I don't know whether we only want to have tests for the validity of flag sequences, or whether we want a test for the correctness of the name -> flag mapping.
In the first case, we only need to consider the Unicode-provides file that lists all valid country flags.
1CEDF will be "SQUARE ROOT OF SQUARE ROOT OF SQUARE ROOT OF SQUARE ROOT" in unicode 18.0
lol
Ooh Unicode 18.0 just entered Beta period!
This wasn't in Alpha I think
Relevant symbols from Unicode 18.0 Alpha are listed in the document.
Most of the mathematical symbols added seem to be super obscure historical ones
Indeed, which is why I don't think we need to assign them a name for now
why won't they standardise the existing VS for the calligraphic/script glyphs to lower case latin!! But they'll add a whole new different alphabet as a new variation selector
but this time only for lower case latin
There are many design decisions about Unicode that don't make sense, but once they're made we're stuck with them
I thought it'd be a nested square root or smth, but no, it adds more squiggly lines at the left lol
It's not very readable 😛
Probably why no one has used it for hundreds of years
IIRC the reason it was excluded was "lack of evidence of use" or something? I am tempted to waste a couple hours putting evidence together and drafting a proposal lol
Why does discord think I want to react with 😫 (I think it's that one) every time I accidentally double tap something?

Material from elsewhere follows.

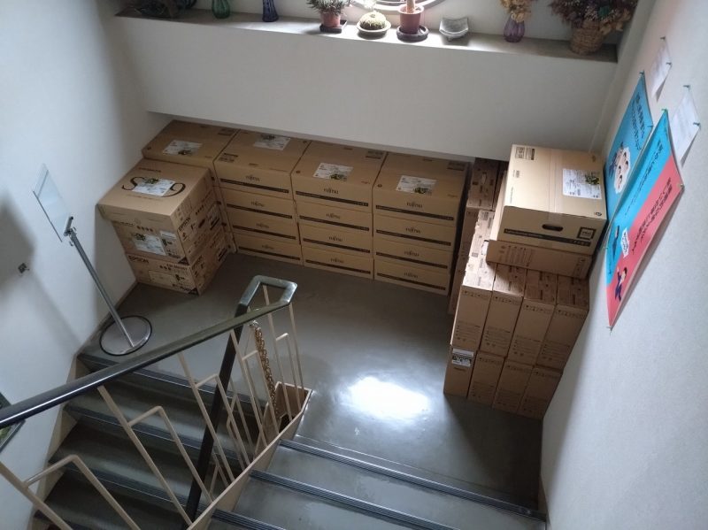 でも出勤は当然であります。わが社では不測の事態に備えるべく5年ごとにパソコンを入れ替えるようにしているのです。1台2台なら平日にできるのですが17台を一度に替えようとすると流石に業務が滞るだけでなくお客様にも迷惑が掛かりますので、業者さんにも無理をいって年末の慌ただしい時期に交換をお願いした限りは私も出勤せねばばちが当たります。 交換するパソコン一式は前日に届いており

Mathematicians will eagerly use any alphabet you throw at them. The argument of lack of evidence of use make no sense to me
I can guarantee you that they would use them if they could
Yeah and its available in LaTeX though right with mathscr and mathcal, so surely it appears in the wild already
Rather that than the sans serif and typewriter ones
And surely something like bold(italic(sans(chi))) did not have a great deal of "evidence" for its use...
Not in all fonts I believe. Partially because (especially earlier versions) tex could only address a limited number of symbols
But what possible harm could there be in allowing the variation selectors more broadly? The worst thing that can happen is that the font doesn't have that glyph and you fall back to the original one
I found the following package: https://mirror.aarnet.edu.au/pub/CTAN/macros/latex/contrib/mathalpha/doc/mathalpha-doc.pdf. And it is quite comprehensive in listing all the different styles across packages.

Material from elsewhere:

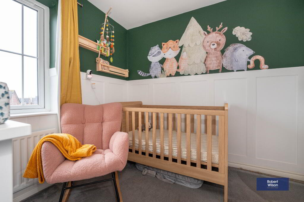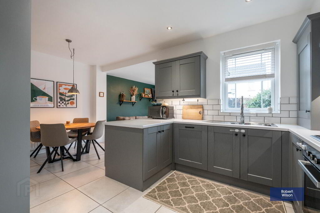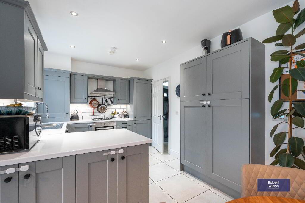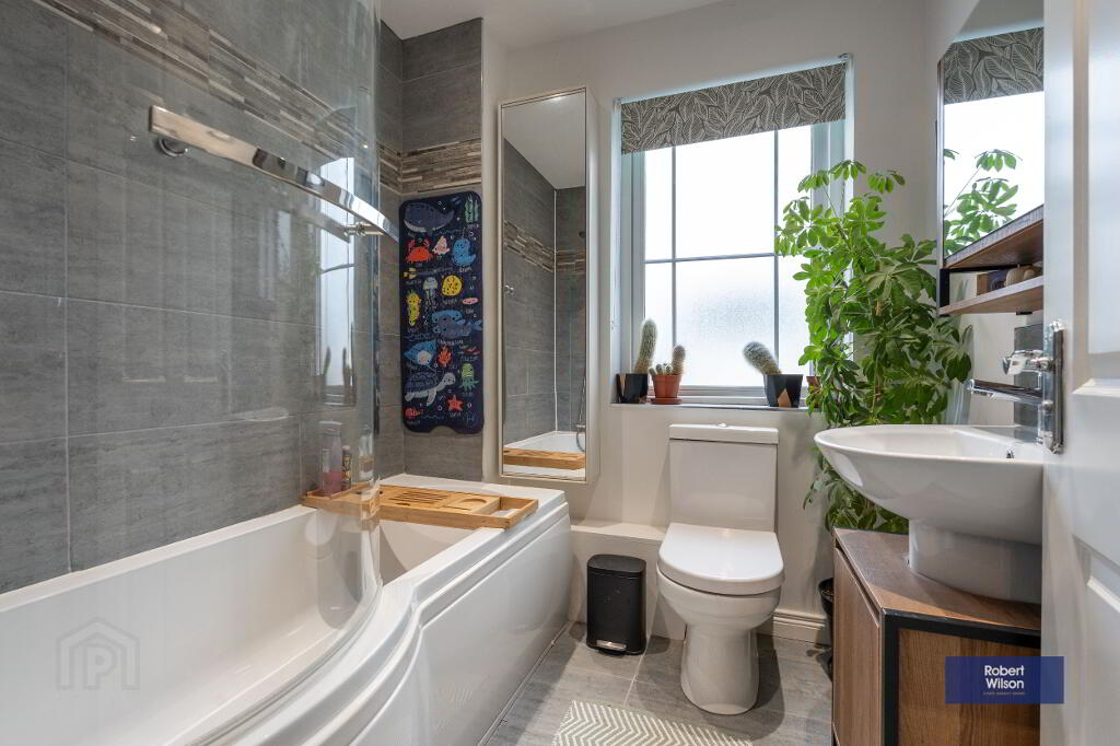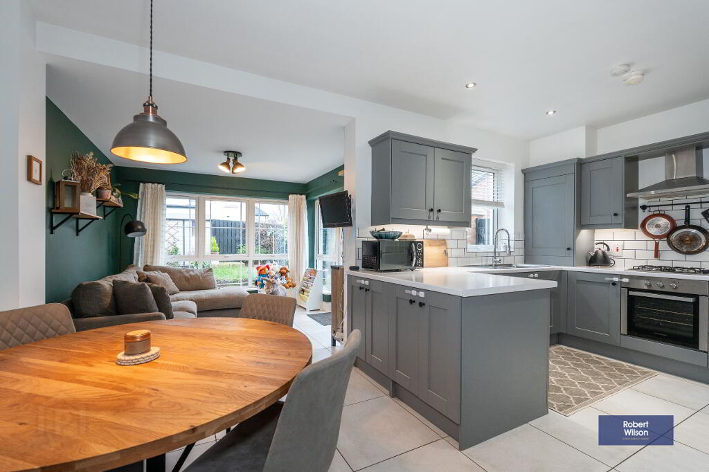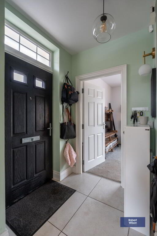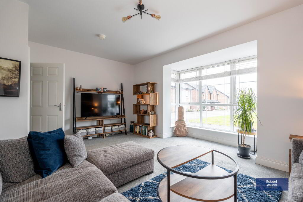 Outside, the property features a front lawn with a paved path, a fully enclosed rear garden, and dedicated parking. Within walking distance of schools, shops, and Moira’s vibrant amenities, plus excellent transport links—including a train station with connections to Belfast and Dublin—this home is ideal for modern family life.

Apparently you could turn it off. But why on earth is that the default
I think for a "watertight" case you would need examples of articles or books where scr and cal are used to distinguish two different things for lowercase letters
its got 4 categories for calligraphy/script! upright, restrained, embellished, heavily sloped
Oh yes definitely.
I think that only applies to abstracts?
well its something at least :p
On another note, what's the status ofhttps://github.com/typst/typst/pull/8172?

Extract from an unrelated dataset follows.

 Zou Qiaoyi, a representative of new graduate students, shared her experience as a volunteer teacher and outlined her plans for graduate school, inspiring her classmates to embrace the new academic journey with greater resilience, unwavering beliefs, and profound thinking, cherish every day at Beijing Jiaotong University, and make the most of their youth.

It would be nice to merge #126. The test is not extremely important, but it can help detect mistakes earlier, which is alway nice.
The diff looks very bad on GitHub, but most of it is re-indentation, so VSCode and RustRover display it correctly.
If no one from the community has the time to review it in the following days, I'll ping Laurenz to do it himself.
Also, the commit history looks very bad, that's not GitHub fault, that's mine. Sorry for that.
#171 changes the NumeralSystem type to use &str instead of char everywhere. This is required to merge the Arabic abjad numerals PR, and more generally a change that can be useful in the future.
@river berry if you are interested you can ask to be given approval permission on typst/codex. One more person with the power to help PRs move forward is always nice
I actually did so yesterday lol
@midnight tangle As people have already picked up on, we're nearing a release candidate for 0.15. Is codex in a releasable state or is there stuff that should still land?
On a side note, I noticed one minor issue with the changelog.
Unless I'm missing something, it should be in a releasable state. I'll make a PR to fix the changelog.